Change to Win has turned out to be a pipe dream. Labor intellectuals like Nelson Lichtenstein, Ruth Milkman, Kim Voss, and Ken Jacobs, all based for some odd reason at the University of California which has almost no SEIU presence, thought CtW was the re-birth of the CIO with Stern as John L. Lewis. How quaint. In fact, the five affiliates in CtW went to the mattresses as quickly as the Mafia's Five Families in New York did in the gangland wars of the 30s or 60s.

First, SEIU betrayed the efforts of the UFCW to lead a campaign among WalMart's one million non-union workers with a back stage deal with the WalMart CEO. Then, Stern backed Bruce Raynor in an absurd effort to wrest control of the Unite-HERE (home now of the old ILGWU, my grandfather's proud union for many decades) and its Amalgamated Bank.

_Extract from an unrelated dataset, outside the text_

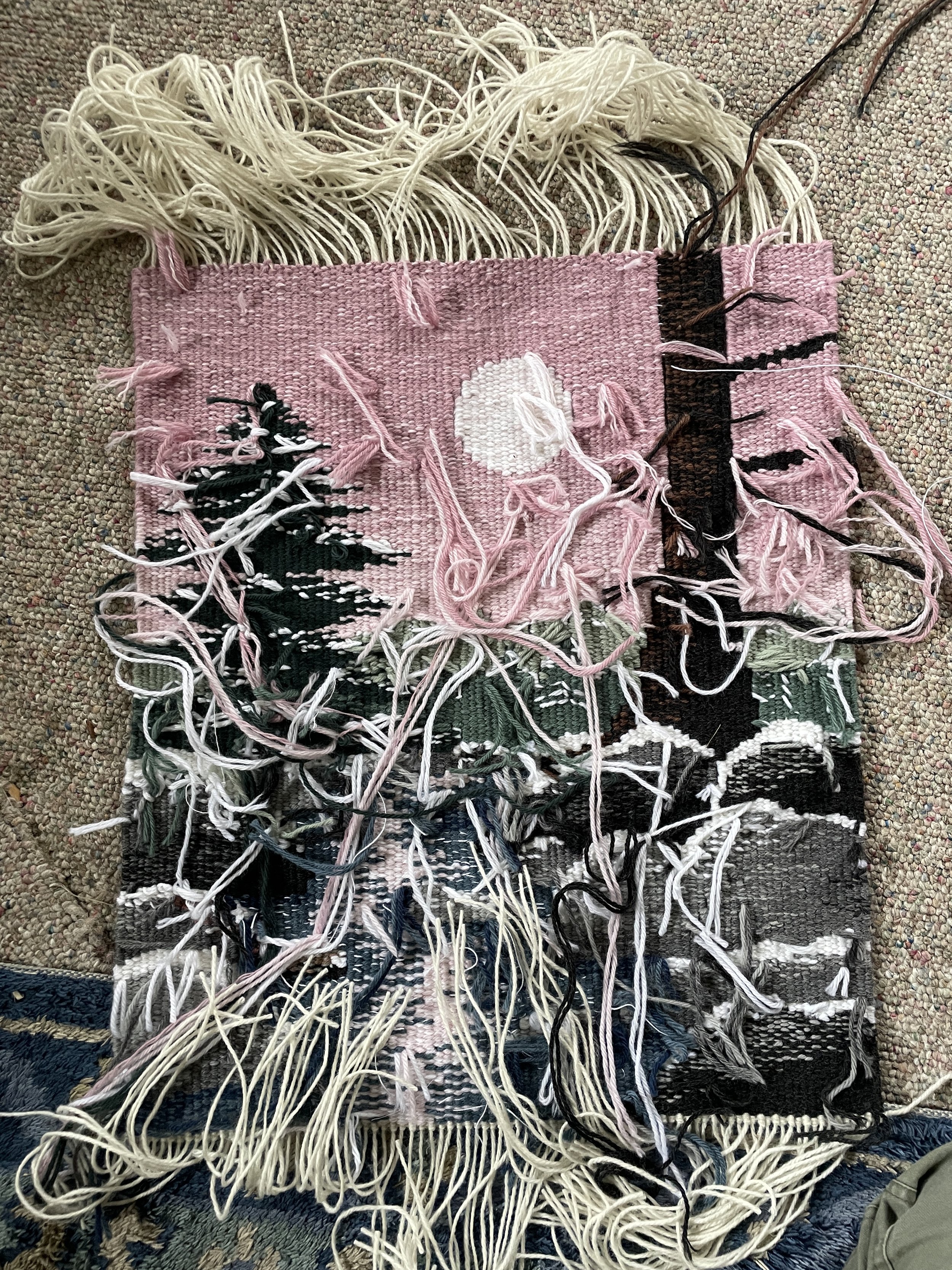 There is this internal debate when you’ve put hours into weaving something that isn’t working: to just accept it and move on, or to take the time to redo it until you’re satisfied. I couldn’t rest if one of the focal points of this piece didn’t look right. It is very frustrating to keep weaving, then unweaving, then weaving again, and to still hate it every time. But I keep going, hoping something will click eventually.

Finally, in what has to be the coup de grace in assessing Stern's legacy, there are reports that SEIU supported a "no union" choice in the ongoing election battle in USC's hospital system in Los Angeles when the National Union of Health Workers challenged SEIU's hold on that shop. But the USC employees were, of course, part of the old UHW when it was inside SEIU. It was Stern who forced the split that led to the election, one of many occurring across the state to settle the unions' battle. A recent legal dispute between the two unions resulted in largely a draw.

The upside of the ouster of Stern is that it is very unlikely that his replacement will have anything like the ability or desire to control the union in quite the way he did. It will likely be a very messy transition but we could see the opening of real talks about the CtW affiliates following Unite-HERE back into the House of Labor where they belong.